Give a faithful, exact copy of all entries, minus the images.
══ Source data
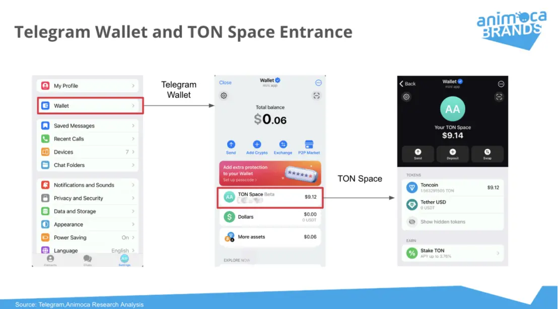 支持这一转化的基础设施已在Telegram上到位。到 2023 年 11 月,Telegram钱包和非托管 TON Space 钱包已集成到 Telegram 中,使美国以外的用户能够接收 Jettons( TON 区块链上的可替代代币标准)。
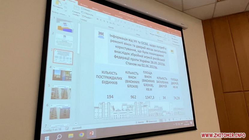У Житомирі на черговому виконкомі 7 червня затвердили порядок ремонту, заміни вікон та дверей у місцях загального користування у житлових будинках, які зазнали пошкоджень внаслідок ворожої атаки «шахедами» наприкінці травня. Як відомо, на це з бюджету міста виділено 5 млн грн. Механізм отримання допомоги роз’яснює начальник управління житлового господарства Андрій Гуменюк.
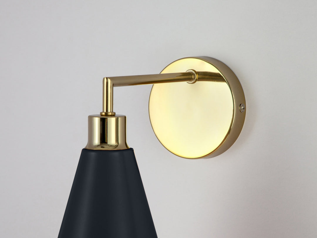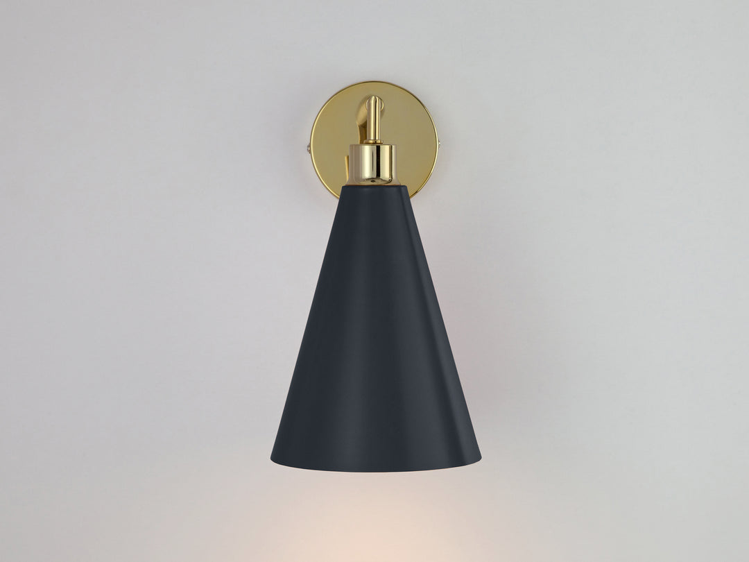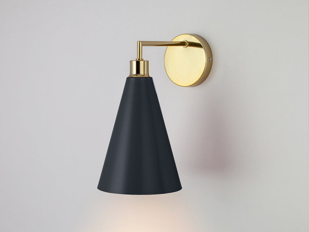 A brass wall fixture suspends a charcoal cone-shaped metal shade.
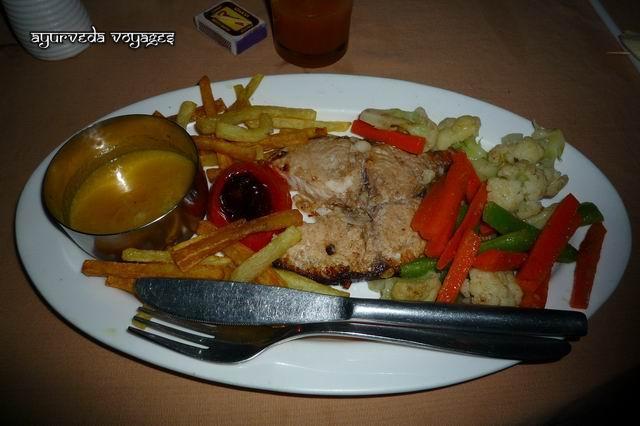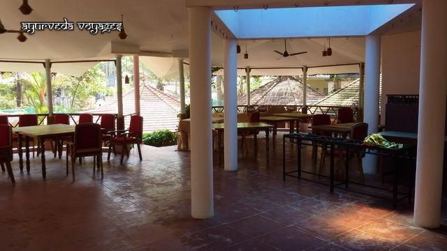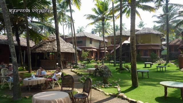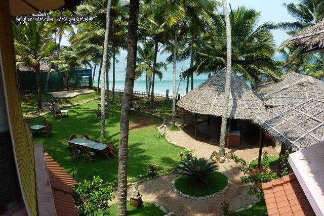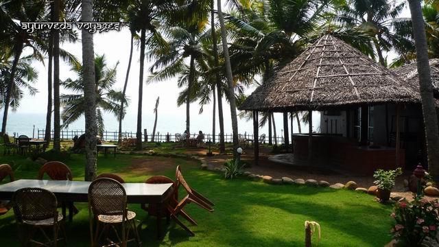 Le restaurant est en plein air sur la pelouse, mais quand il pleut - surtout pendant la mousson - il y a un autre restaurant au premier étage qui surplombe le jardin et la mer. |
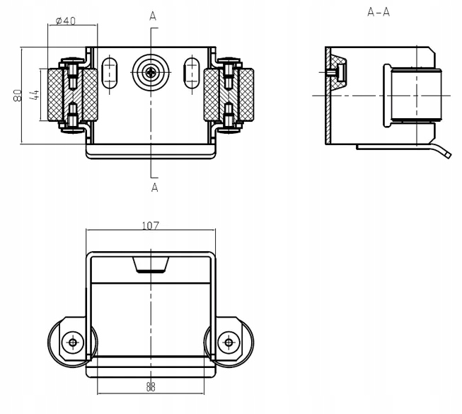 Na tylnej ściance znajdują się dwa otwory montażowe oraz gumowy odbój.
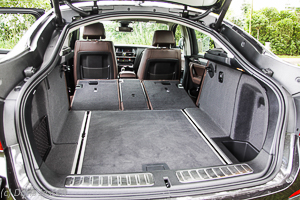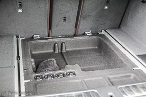 Der Gepäckraum, den wir ja als Reiter oft genug auch für Sättel & Co. benötigen, öffnet sich auf Knopfdruck elektrisch. Er ist in Anbetracht der Coupé-Form nicht riesig, aber mit 500 Litern bei aufgestellter Rückbank ausreichend. Wird der X4 durch Umklappen der Rückbank zum Zweisitzer umgebaut, werden daraus mit ein paar Handgriffen 1.400 Liter bei dachhoher Beladung. Die Fläche ist fast gerade und knapp 1,70 Meter lang. Links befindet sich ein Netzfach für allerlei Kleinigkeiten, rechts ein tiefes Staufach. Im doppelten Boden gibt es zusätzlichen Platz, auch findet sich dort ein aufspannbares Gepäcknetz, das an zwei Schienen befestigt werden kann.
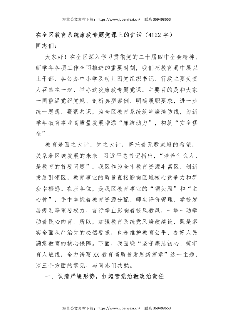 在全区教育系统廉政专题党课上的讲话(4122字)
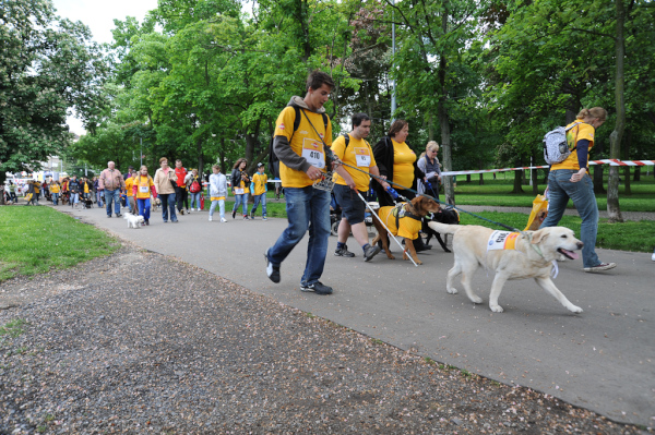One dog looks as if he did not care at all while others look afraid and scared to death. We all know the preconception that dogs look like their owners and yet I feel confirmed another time as I observe lordling and mistress standing together in the starting block waiting for the starting signal. And as it sounds dogs and owners start to run. Some seem to run for gold whereas others simply enjoy a relaxing walk. After finishing the 4,2 kilometer course man's best friend get a medal and sponsored food. But not only the dogs were honored today. Participants of the Mini marathon as well as the Skating event over 6,5 kilometer receive a medal.
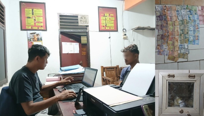 Pelaku tertangkap usai kejar-kejaran dengan warga di kebun sawit belakang toko. Dari tangannya ditemukan Rp947.000 hasil curian dari dua kotak amal, beserta satu obeng, satu kotak kayu, dan jaket abu-abu bertuliskan Levis.
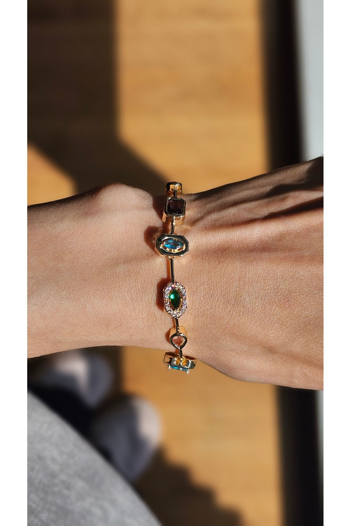 stainless steell Renkli Taşlı Geometrik Gold Çelik Bileklik – Hipoalerjenik
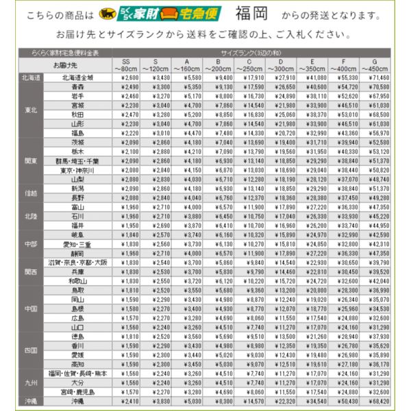 | 発送は家財おてがる便Cランクです。 https://form.008008.jp/mitumori/PKZI0100Action_doInit.action こちらから送料を計算出来ますのでご確認ください。 | |||
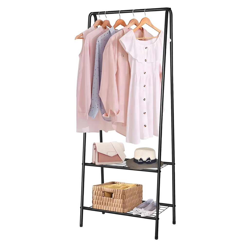 Clothes Rack Metal Clothes Rail Coat Rack For Bedroom 2Tier Storage Garment Rack With Small Wheels 68cm Width Black
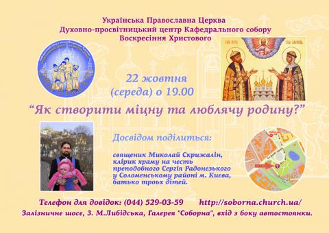 20 октября 201422 жовтня о 19.00 запрошуємо всіх, хто цікавиться питаннями православної сім’ї на традиційну духовну бесіду «Як створити міцну та люблячу сім’ю?». Досвідом сімейного життя поділиться священик Миколай Скрижалін — клірик храму на честь преподобного Сергія Родонезького у Солом’янському районі м. Києва.
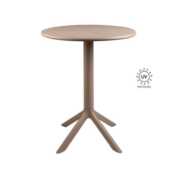 Mesa Drops em polipropileno para uso externo, com tampo redondo perfurado de 60 cm de diâmetro que proporciona leveza visual e ventilação. Base com haste central e pés estruturais em formato piramidal, garantindo estabilidade e resistência. Ideal para jardins, varandas e áreas de lazer.
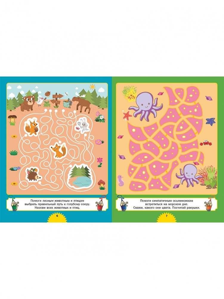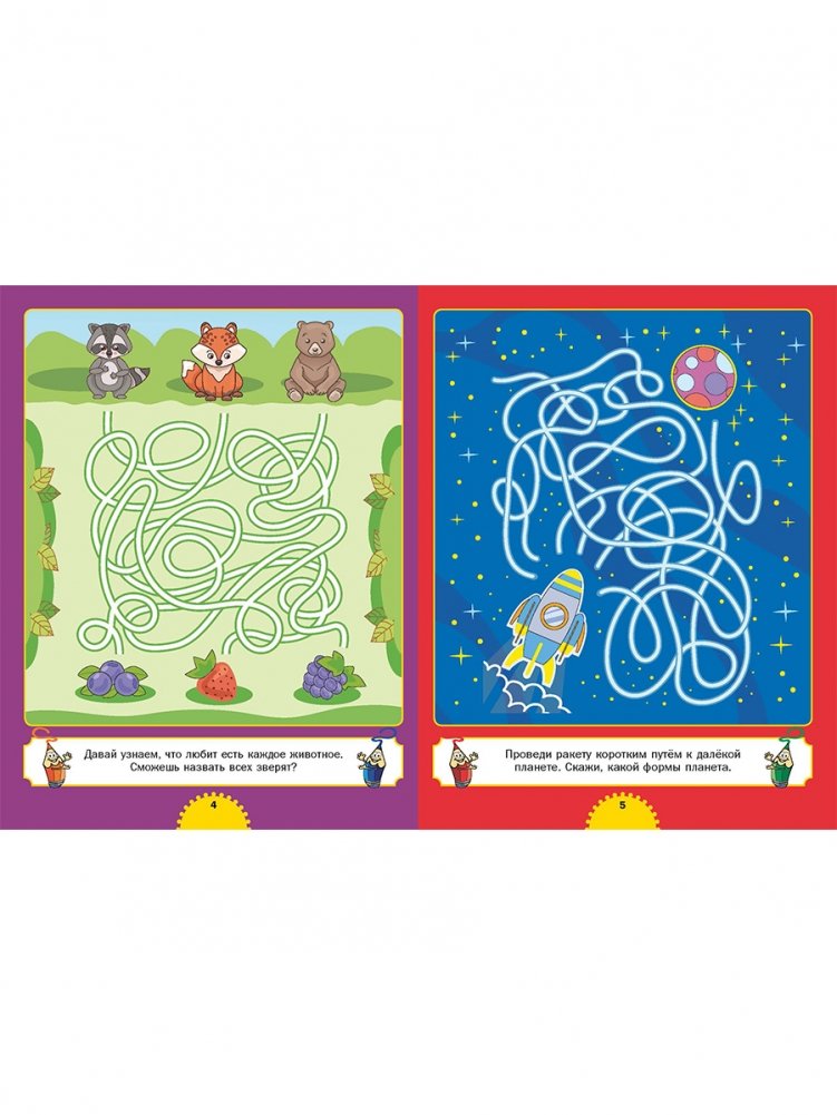 Перед вами книжка с яркими картинками, которые привлекут вашего ребёнка, и он, вероятно, впервые самостоятельно попутешествует по занимательным лабиринтам, развивая своё внимание и мелкую моторику. А отвечая на несложные вопросы, научится простому счёту, сможет различать цвета и формы предметов, расширит свой кругозор. Вместе со своим ребёнком вы весело и с пользой проведёте время!
════
Response box:
 支持这一转化的基础设施已在Telegram上到位。到 2023 年 11 月,Telegram钱包和非托管 TON Space 钱包已集成到 Telegram 中,使美国以外的用户能够接收 Jettons( TON 区块链上的可替代代币标准)。
У Житомирі на черговому виконкомі 7 червня затвердили порядок ремонту, заміни вікон та дверей у місцях загального користування у житлових будинках, які зазнали пошкоджень внаслідок ворожої атаки «шахедами» наприкінці травня. Як відомо, на це з бюджету міста виділено 5 млн грн. Механізм отримання допомоги роз’яснює начальник управління житлового господарства Андрій Гуменюк.
 A brass wall fixture suspends a charcoal cone-shaped metal shade.
 Le restaurant est en plein air sur la pelouse, mais quand il pleut - surtout pendant la mousson - il y a un autre restaurant au premier étage qui surplombe le jardin et la mer. |
 Na tylnej ściance znajdują się dwa otwory montażowe oraz gumowy odbój.
 Der Gepäckraum, den wir ja als Reiter oft genug auch für Sättel & Co. benötigen, öffnet sich auf Knopfdruck elektrisch. Er ist in Anbetracht der Coupé-Form nicht riesig, aber mit 500 Litern bei aufgestellter Rückbank ausreichend. Wird der X4 durch Umklappen der Rückbank zum Zweisitzer umgebaut, werden daraus mit ein paar Handgriffen 1.400 Liter bei dachhoher Beladung. Die Fläche ist fast gerade und knapp 1,70 Meter lang. Links befindet sich ein Netzfach für allerlei Kleinigkeiten, rechts ein tiefes Staufach. Im doppelten Boden gibt es zusätzlichen Platz, auch findet sich dort ein aufspannbares Gepäcknetz, das an zwei Schienen befestigt werden kann.
 在全区教育系统廉政专题党课上的讲话(4122字)
One dog looks as if he did not care at all while others look afraid and scared to death. We all know the preconception that dogs look like their owners and yet I feel confirmed another time as I observe lordling and mistress standing together in the starting block waiting for the starting signal. And as it sounds dogs and owners start to run. Some seem to run for gold whereas others simply enjoy a relaxing walk. After finishing the 4,2 kilometer course man's best friend get a medal and sponsored food. But not only the dogs were honored today. Participants of the Mini marathon as well as the Skating event over 6,5 kilometer receive a medal.
 Pelaku tertangkap usai kejar-kejaran dengan warga di kebun sawit belakang toko. Dari tangannya ditemukan Rp947.000 hasil curian dari dua kotak amal, beserta satu obeng, satu kotak kayu, dan jaket abu-abu bertuliskan Levis.
 stainless steell Renkli Taşlı Geometrik Gold Çelik Bileklik – Hipoalerjenik
 | 発送は家財おてがる便Cランクです。 https://form.008008.jp/mitumori/PKZI0100Action_doInit.action こちらから送料を計算出来ますのでご確認ください。 | |||
 Clothes Rack Metal Clothes Rail Coat Rack For Bedroom 2Tier Storage Garment Rack With Small Wheels 68cm Width Black
 20 октября 201422 жовтня о 19.00 запрошуємо всіх, хто цікавиться питаннями православної сім’ї на традиційну духовну бесіду «Як створити міцну та люблячу сім’ю?». Досвідом сімейного життя поділиться священик Миколай Скрижалін — клірик храму на честь преподобного Сергія Родонезького у Солом’янському районі м. Києва.
 Mesa Drops em polipropileno para uso externo, com tampo redondo perfurado de 60 cm de diâmetro que proporciona leveza visual e ventilação. Base com haste central e pés estruturais em formato piramidal, garantindo estabilidade e resistência. Ideal para jardins, varandas e áreas de lazer.
 Перед вами книжка с яркими картинками, которые привлекут вашего ребёнка, и он, вероятно, впервые самостоятельно попутешествует по занимательным лабиринтам, развивая своё внимание и мелкую моторику. А отвечая на несложные вопросы, научится простому счёту, сможет различать цвета и формы предметов, расширит свой кругозор. Вместе со своим ребёнком вы весело и с пользой проведёте время!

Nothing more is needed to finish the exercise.